**WHAT THE TASK REQUIRES**
Starting with the first line of the data below, copy each line up to and including the one containing "30 grudnia, 2025". Pictures stay out.
DATA: Begin
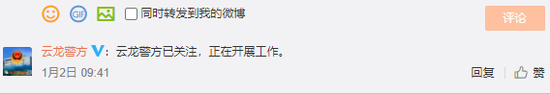 1月2日早上9点多,云龙警方在该网友的微博下回复:已关注,正在开展工作。
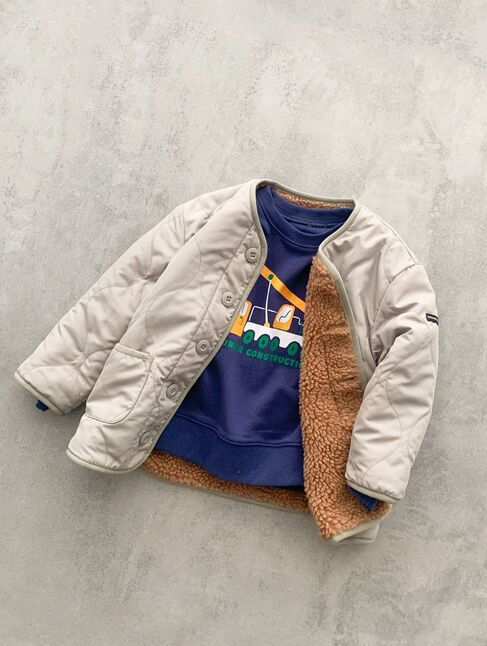 【デザイン&ディテール】キッズ向けリバーシブルボアブルゾンは、ミリタリーテイストの洗練された仕上がりが魅力です。ボア側は、ポケット部分に配色を施したディテールがアクセントとなり、遊び.. |
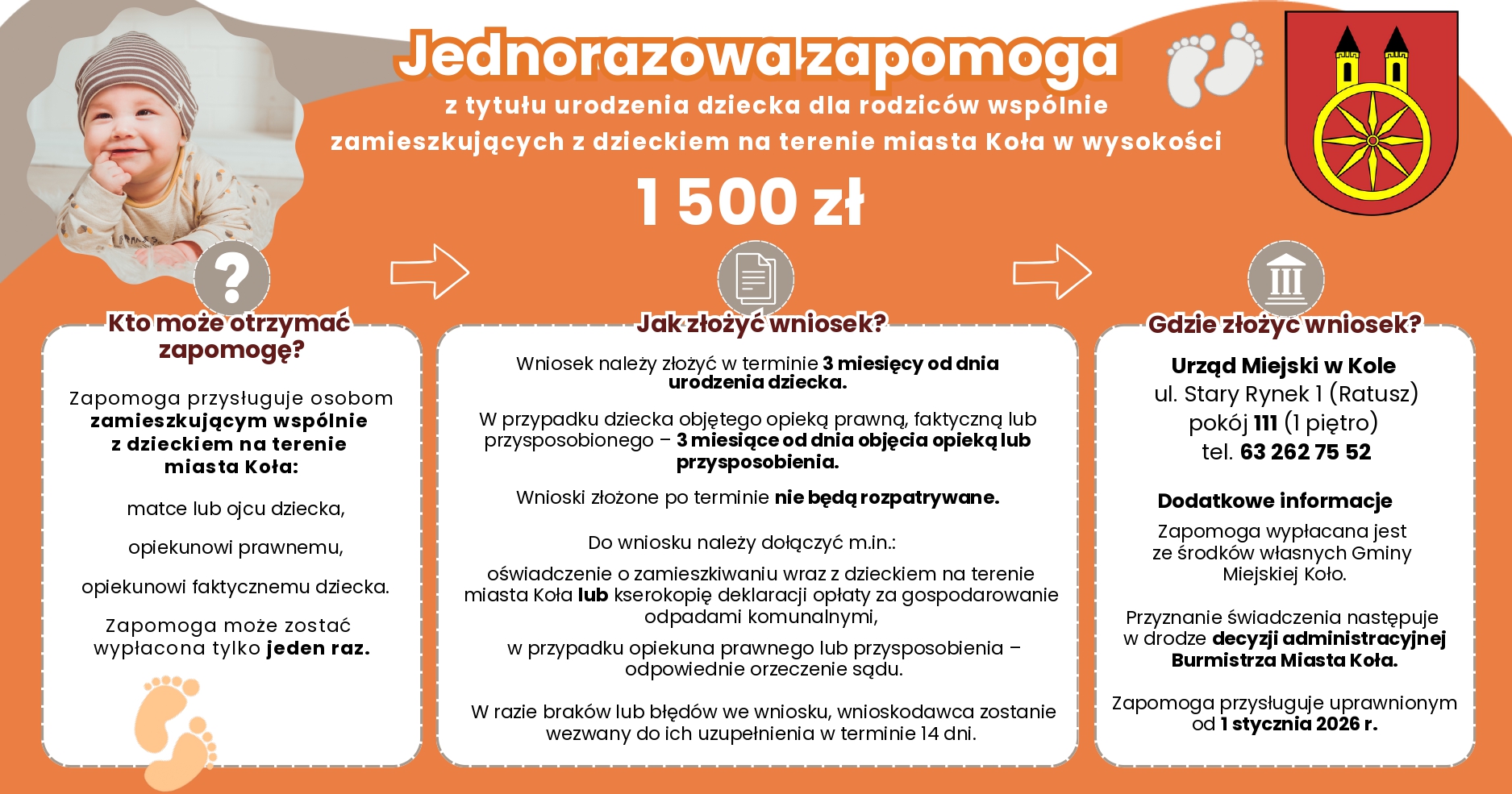 30 grudnia, 2025 Aktualnosci Jednorazowa zapomoga z tytułu urodzenia dziecka dla rodziców wspólnie zamieszkujących z dzieckiem na terenie miasta Koła. Szczegóły pod linkiem: https://www.kolo.pl/…/jednorazowa-zapomoga-z-tytuu… – Udostępnij:
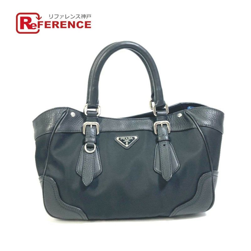 【中古良品】プラダ 黒色 PRADA プラダ トライアングルロゴ トートバッグ カバン トート ハンドバッグ ナイロン/レザー レディース ブラック 【中古】
DATA: End
**SOLUTION TO THIS TASK**
 1月2日早上9点多,云龙警方在该网友的微博下回复:已关注,正在开展工作。
 【デザイン&ディテール】キッズ向けリバーシブルボアブルゾンは、ミリタリーテイストの洗練された仕上がりが魅力です。ボア側は、ポケット部分に配色を施したディテールがアクセントとなり、遊び.. |
 30 grudnia, 2025 Aktualnosci Jednorazowa zapomoga z tytułu urodzenia dziecka dla rodziców wspólnie zamieszkujących z dzieckiem na terenie miasta Koła. Szczegóły pod linkiem: https://www.kolo.pl/…/jednorazowa-zapomoga-z-tytuu… – Udostępnij:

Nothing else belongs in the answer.